ALINEAR EL CRIBADO CON LOS TRATAMIENTOS DISPONIBLES
El informe también recoge la necesidad de alinear las patologías cribadas con los tratamientos disponibles, pues, según ha destacado la directora del departamento de Prestación Farmacéutica de Farmaindustria, Isabel Pineros, "el ritmo en que se va avanzando en los cribados no es el que lleva la industria farmacéutica con el desarrollo de tratamientos".
Pineros ha explicado que, hasta hace unos años, solo existían tratamientos sintomáticos o paliativos para las enfermedades detectadas a partir del cribado, mientras que ahora se cuenta incluso con tratamientos de terapia génica que permiten cambiar el curso de la enfermedad.
En concreto, ha precisado que hay 33 medicamentos autorizados por la Agencia Europea del Medicamento (EMA, por sus siglas en inglés) con una indicación exclusiva para este tipo de enfermedades y uno de cada tres ha sido autorizado en los últimos cinco años, lo que pone de relieve el trabajo en innovación farmacéutica.
Del total, 27 modifican el curso de la enfermedad de forma significativa y tres de ellos son terapias avanzadas. En España, 29 cuentan con código nacional y 23 están incluidos en la financiación pública, aunque más del 25 por ciento tienen restricciones en la indicación.
A este respecto, el decálogo presentado insta a fomentar el diálogo entre las compañías farmacéuticas y el Ministerio de Sanidad para que no existan demoras en las implementaciones. También sugiere el desarollo de las modificaciones normativas y organizativas necesarias para garantizar la aplicación efectiva del cribado en todas las comunidades, con una adecuada financiación y dotación de recursos.
Por otra parte, destaca la importancia de continuar desarrollando proyectos de cribado neonatal genético, integrando la digitalización y el análisis avanzado de datos; seguir impulsando y apostando por la I+D en enfermedades congénitas minoritarias; y potenciar la colaboración entre administraciones sanitarias estatales y autonómicas, organizaciones de pacientes, comunidad científica y sector farmacéutico.
LEY NACIONAL DE CRIBADO NEONATAL
Para canalizar todas estas propuestas, Farmaindustria y FEDER han demandado la aprobación de una ley nacional de cribado neonatal.

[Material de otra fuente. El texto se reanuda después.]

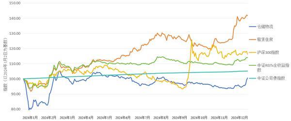 图5:仓储物流、租赁住房与中证REITs全收益、沪深300及中证公司债指数对比(2024年度

En este sentido, se ha puesto como ejemplo la normativa impulsada por Italia, que obliga a la inclusión en el cribado de todas las patologías para las que exista tratamiento, y se han valorado los avances en España con la reciente aprobación de una proposición de ley en el Congreso de los Diputados, además del impulso de una iniciativa legislativa popular (ILP) por parte de Más Visibles.

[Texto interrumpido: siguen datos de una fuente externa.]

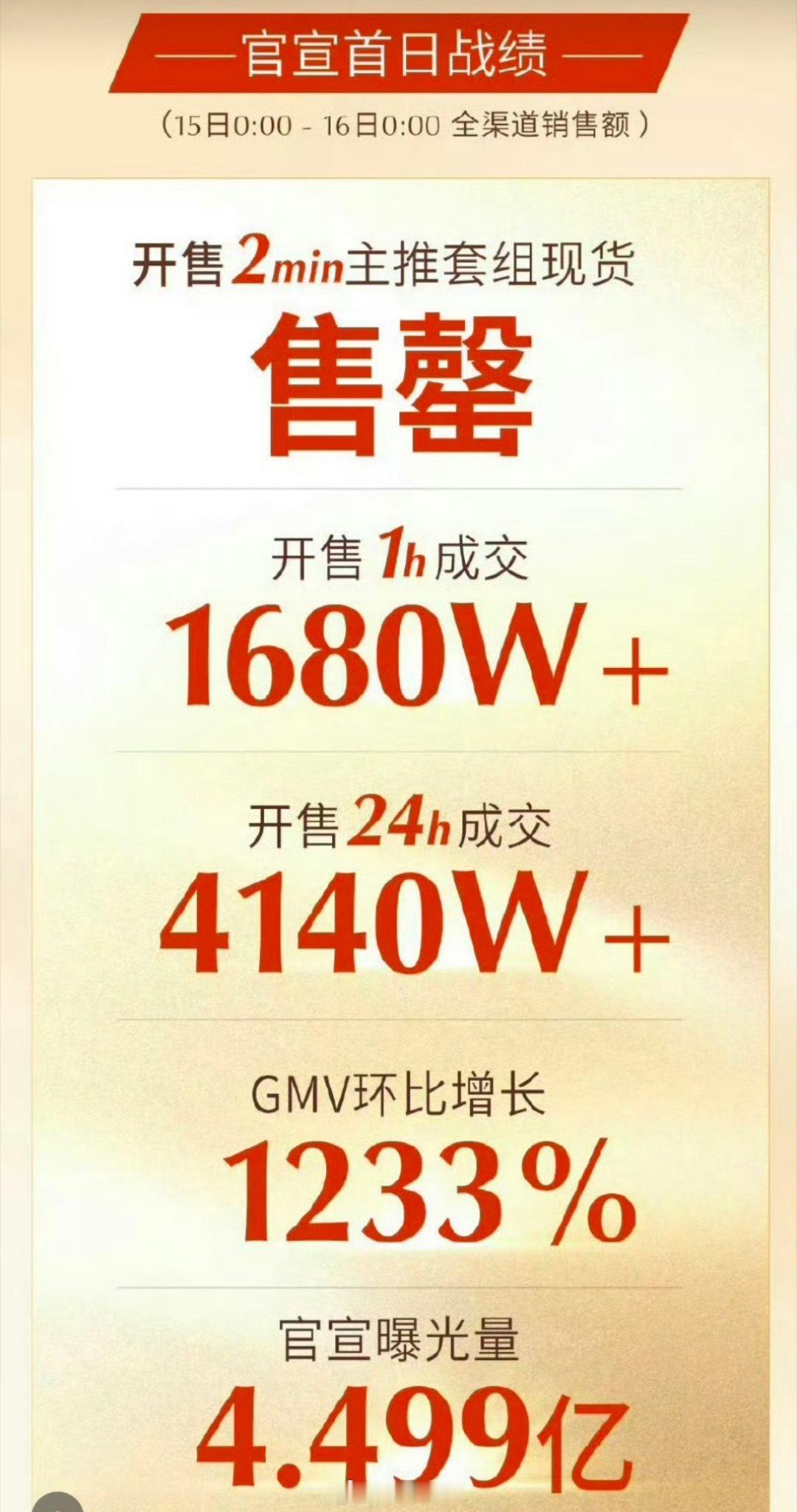 开售2分钟主推套组现货秒空,1小时全渠道成交破1680W+,截止16日零点实际不

Junto a esto, las dos entidades proponen una segunda herramienta, que sería la creación de un comité coordinador donde estén representados administración, pacientes, industria y profesionales sanitarios como órgano en el que se hagan propuestas, se monitoricen y se evalúen, con el foco puesto en mejorar la calidad de vida de las personas.

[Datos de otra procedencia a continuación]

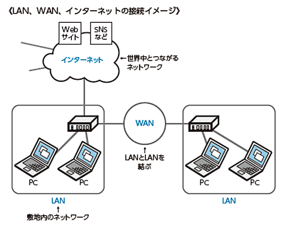 また、ネットワークは企業の事務所や大学などの1つの敷地内(または建物内)で構築されたネットワークであるLAN(Local Area Network)、企業や大学などにて複数の拠点が接続されたネットワークをWAN(ワン、Wide Area Network)と海外のサービスを含めた世界中のサーバ群と接続されたネットワークであるインターネットの3つに分けられます。インターネットは、皆さんが日常的にGoogleやYahoo!、LINEなどのサービスを利用されていることから、最も馴染み深いものでしょう。

Desde FEDER, Juan Carrión ha abogado por la "voluntad y consenso" políticos para lograr una equidad en acceso a cribados, tratamientos e investigación. Según ha referido, solo el 20 por ciento de las enfermedades raras están siendo investigadas y solo el seis por ciento dispone de un medicamento que puede tratar o mejorar la calidad de vida.
Por su parte, el director general de Farmaindustria, Juan Yermo, ha trasladado el "compromiso conjunto" de ambas entidades para garantizar que cualquier bebé que nazca en España tenga el mismo acceso equitativo al diagnóstico precoz y a un tratamiento eficaz. "Esperamos que políticamente sea un guante recogido a nivel nacional y autonómico para que ese compromiso se transforme en una realidad", ha subrayado.